Cultura

É necessário que alguns tentem ser um novo Joyce. Mesmo em vão

Quem sabe apreciar Brahms e também sabe se divertir dançando um axé (digamos) é mais culto do que quem só ouve Brahms

O escritor Paulo Coelho. Galeria de eirikso/Flickr
Apoie Siga-nos no

Minha opinião sobre a treta literária de ontem à noite*.

Não posso entrar no mérito da obra do Paulo Coelho porque nunca li seus livros. Mas eu li o “Ulisses” de Joyce (na tradução de Houaiss, por isso escrevo com “i”) e o achei um livro espetacular, inclusive como entretenimento – todos os seus capítulos são no mínimo instigantes e alguns deles muitíssimo divertidos.

Tenho certa simpatia pela figura pública do Paulo Coelho por suas posições sociais e políticas geralmente generosas e progressistas, o que é bem mais do que se pode dizer hoje de muitas celebridades da contracultura do tempo da sua juventude. Mas para mim, quando veio a público dizer que “Ulisses” fez mal à literatura, foi grosseiro e mesquinho. Seria tão ridículo quanto Gilberto Gil (pelo qual tenho ainda mais simpatia como figura pública e posso dizer que aprecio enquanto cantor e músico popular) vir dizer que a “Sagração da Primavera” de Stravinsky ou o “Bolero” de Ravel fizeram mal à música.

Como autor e resenhista ocasional de gêneros que muitos críticos e professores consideram “subliteratura”, também sinto certa antipatia para com acadêmicos que acham que isso não deveria existir.
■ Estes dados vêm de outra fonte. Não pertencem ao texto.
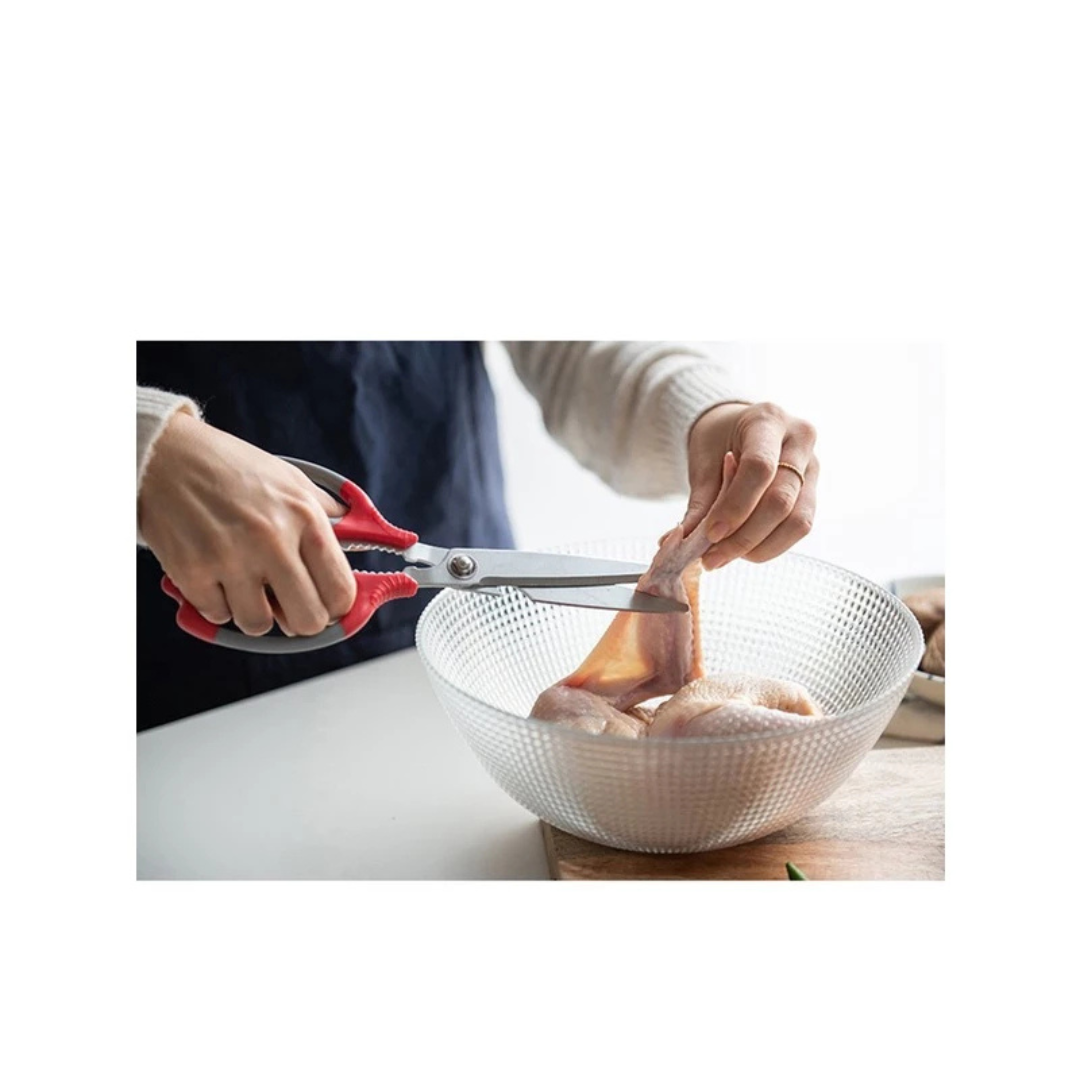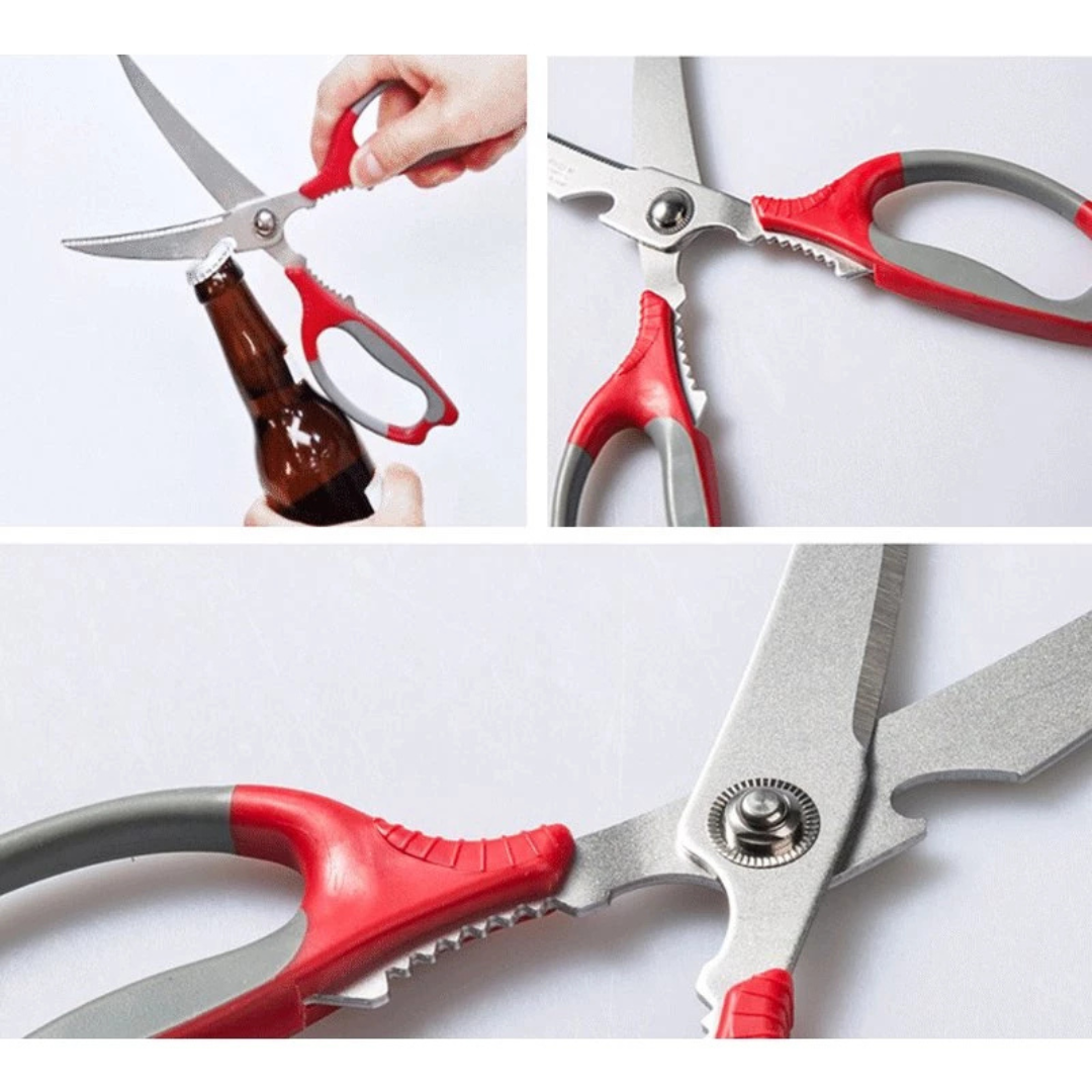 Featuring high-quality stainless steel blades, it can be used for cutting chicken bones, vegetables, and even fish. The ergonomic, non-slip handles provide a comfortable grip, ensuring precision and control while cutting. In addition to its cutting abilities, the shears comes with integrated features such as a nutcracker for cracking pecans and nuts, and a bottle opener for added convenience.

Para mim, isso é tão absurdo quanto desejar que toda a música popular fosse banida e só existisse a erudita da melhor qualidade. Isso é desejar um mundo mais pobre, não mais rico e uma pretensão que não faz nenhum sentido. Para mim, quem sabe apreciar Brahms e também sabe se divertir dançando um axé (digamos) é mais culto do que quem só ouve Brahms.

Mas sinto ainda mais antipatia por leitores e escritores que acham que os clássicos, canônicos ou não, não passam de chatices impingidas por uma conspiração de acadêmicos. Esses, para mim, ainda precisam completar sua alfabetização – assim como quem não consegue apreciar música erudita é que (ainda, talvez) não consegue entender inteiramente o que é música e o que ela pode fazer.

Tenha Paulo Coelho lido ou não “Ulisses”, me pergunto seriamente se sua manifestação não foi o resultado de uma leitura apressada demais do primeiro parágrafo da introdução, por Felipe Pena, da recente coletânea “Geração Subzero”, lançada como contraponto à “Granta” que pretendeu divulgar novos autores de qualidade, mencionada na mesma entrevista do Paulo Coelho:

“Boa parte da literatura brasileira contemporânea presta um desserviço à leitura. Os autores não estão preocupados com os leitores, mas apenas com a satisfação de sua vaidade intelectual. Escrevem para si mesmos e para um ínfimo público letrado e pretensamente erudito, baseando as narrativas em jogos de linguagem que têm como único objetivo demonstrar uma suposta genialidade pessoal. Acreditam que são a reencarnação de James Joyce e fazem parte de uma estirpe iluminada. Por isso, consideram um desrespeito ao próprio currículo elaborar enredos ágeis, escritos com simplicidade e fluência. E depois reclamam que não são lidos. Não são lidos porque são chatos, herméticos e bestas”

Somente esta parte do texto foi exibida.